Music

Don Henley’s Next Act

The legendary musician taps his Texas roots for his first solo album in more than a decade

Photo: Danny Clinch

Henley at Caddo Lake, near his hometown of Linden, Texas.

Standing in a lounge in Nashville’s Hermitage Hotel, Don Henley is in desperate need of a bottle opener. He’s holding a glass bottle of water, but, alas, the cap isn’t a twist-off. “You have an opener?” he asks me. I don’t, but I try the old trick of hammering the cap off using the edge of a table. After a few loud, really loud, pounds, it finally pops off. Henley’s publicist pokes his head in the room, looking concerned. “Don’t worry,” Henley says. “We haven’t come to blows.”

Henley is known for his testy streak, but today he seems relaxed, maybe a bit tired, though eager to chat about his new solo album—his first in fifteen years—Cass County. It’s been referred to as Henley’s country record, but that does a disservice to the trove of country-inflected megahits Henley helped pen for the Eagles during their thirty-plus years together. Rather, Cass County is Henley’s Texas record, a return to his roots with Henley invoking memories from his formative years in Linden, his hometown in East Texas. As a kid, he would listen to the radio show Louisiana Hayride, a bad-boy version of the Grand Ole Opry. Broadcast from KWKH in nearby Shreveport, the show gave Elvis and Hank Williams their early breaks.

Drawing inspiration from the area he calls “where the Deep South meets the Old West,” Henley wrote some of the material for the album during several two-and-a-half-hour drives to Linden from where he now lives, in Dallas. Sometimes he would pull over to dictate lyrics into a recorder, other times he would just keep repeating a line until he got out of the car. “I usually start with a title and maybe a chorus,” he says. “The hardest part is the connective tissue. Eventually all the blanks get filled in. It’s still a mysterious process to me.”


 


Henley actually began working on Cass County in 2010, but due to touring obligations with the Eagles, he could devote himself to it only in spurts. The Eagles wrapped up their latest road stint in July, and while Henley won’t confirm that the band is finished, he says he’s tired of “being a jukebox.” Henley cowrote many of the songs with his longtime collaborator Stan Lynch (the ex-drummer for Tom Petty and the Heartbreakers), who helped polish the music into a pristine-sounding collection of ballads and a few honky-tonk numbers. During sessions in Dallas, Henley says, “Stan and I would just brainstorm—pace the floor, drinking coffee.”

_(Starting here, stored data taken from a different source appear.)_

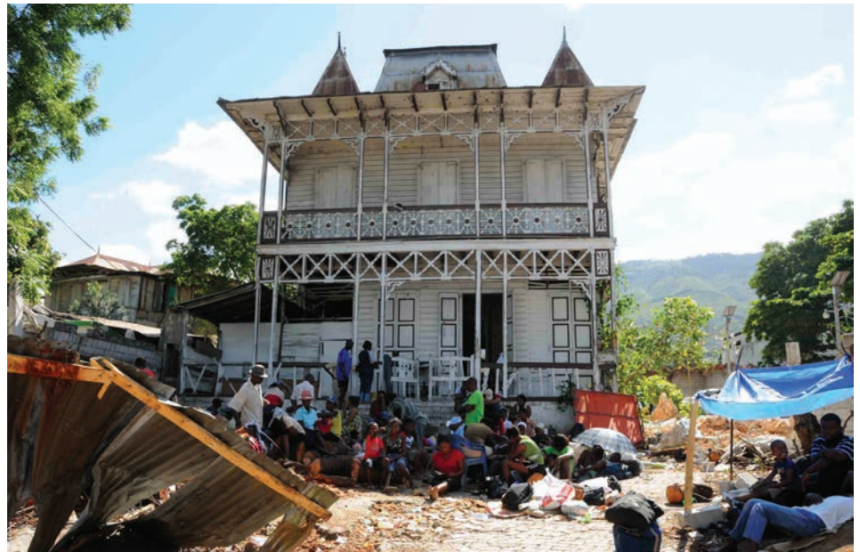
• Une maison gingerbread au quartier du Bois-Verna à Port-au-Prince, le 13 janvier 2010

Edifié au pied de l'impressionnante chaîne du Bonnet-à-l'Evêque, encaissé dans un site grandiose couvert d'une végétation luxuriante, le Palais de Sans-Souci a été conçu comme un vaste complexe administratif servant de fait de capitale au royaume. Le royaume d'Henry I er comprenait toute la partie nord du territoire nouvellement indépendant d'Haïti, convoité tant par la France, l'ancienne métropole de la Colonie de Saint-Domingue, que par la République d'Alexandre Pétion établie dans la partie sud d'Haïti. Le Grand
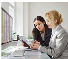
La société par actions (inc.)
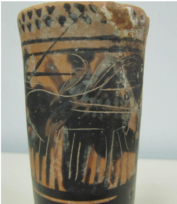
Εικόνα 133: Λήκυθος ΜΑΙΤ 9179, αρ. κατ. 37, λεπτομέρεια.
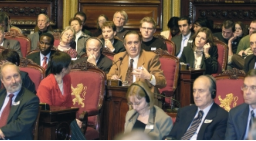
Wel of geen referendum over de Europese Grondwet: de meningen onder het publiek zijn duidelijk verdeeld.
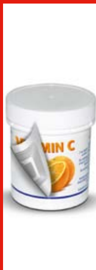
Protezione alla fonte
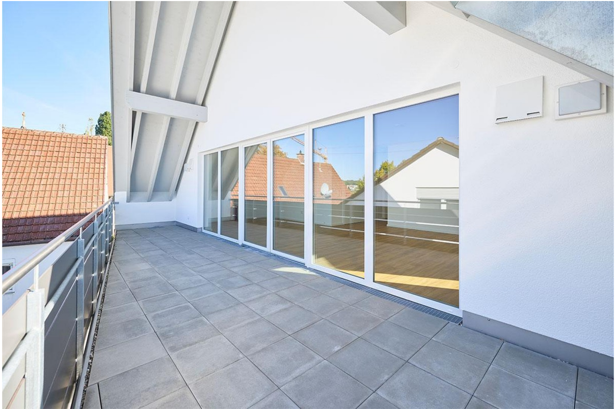
Loggia zum Grillen und Entspan
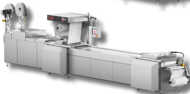
VERPACKUNG-ETIKETTIERER FÜR OBER-UND UNTERSEITE
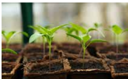
Zelený swap.

domov. SWAP bude otevřený v rámci výpůjční doby.
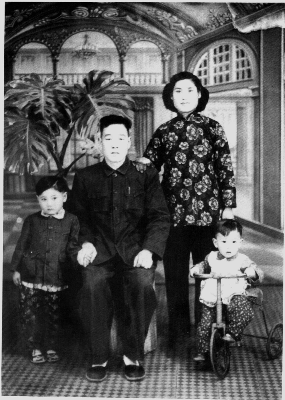
② 新中国成立后的中山装(中西合璧的华服)
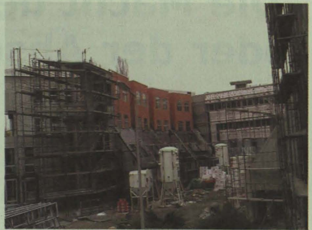
das Studienzentrum ist noch eine Baustelle

„Es soll, nein, es darf an der TU Graz bei keinem Sekretariat, bei keinem Dekanat und bei keinem Universitätslehrerzimmer einen Knauf an der Tür geben. Nur Türklinken sollen erlaubt sein.“

If the songwriting process was deliberate, choosing the special guests was even more so. The album features a dream team of talent: Dolly Parton, Merle Haggard, Vince Gill, Alison Krauss, and Lucinda Williams all make appearances, while Martina McBride sings on one of the album highlights, “That Old Flame,” a driving rocker that spins the tale of a past lover who unexpectedly reappears. Mick Jagger and Miranda Lambert join Henley on a gorgeous, weepy version of “Bramble Rose,” a track originally written by another Texas-born musician, Tift Merritt. Jagger not only sings but also plays harmonica. “The song reminds me of ‘Wild Horses,’ the country period when the Stones were hanging out with Gram Parsons,” Henley says. “Everyone was chosen for how they sing, not just what the lyrics were. I’m flabbergasted they all said yes.”

“‘Bramble Rose’ has a timeless feel, and Don is an artist who has a deep understanding of sound and melody,” says Lambert. “It was the perfect choice for our collaboration.”

For someone who has sold a gazillion records and written some of the most seminal songs in the modern music canon, Henley is unexpectedly self-deprecating when it comes to his solo work. He wonders if anyone will care what a now sixty-eight-year-old will have to say, given our youth-obsessed culture, and he’s bothered by the ageism that’s rife within the music industry.

Dude, I tell him, you’re Don freaking Henley. “It doesn’t matter,” he says, his voice rising. “Merle Haggard is Merle freaking Haggard, George Jones is George freaking Jones, but they’re still relegated to the heritage channel on the radio. That ain’t right.” Some of us older folks have wisdom to impart, he continues. “There aren’t any trucks or beer on this album. This is an album for grown-ups, for people that have done some living.”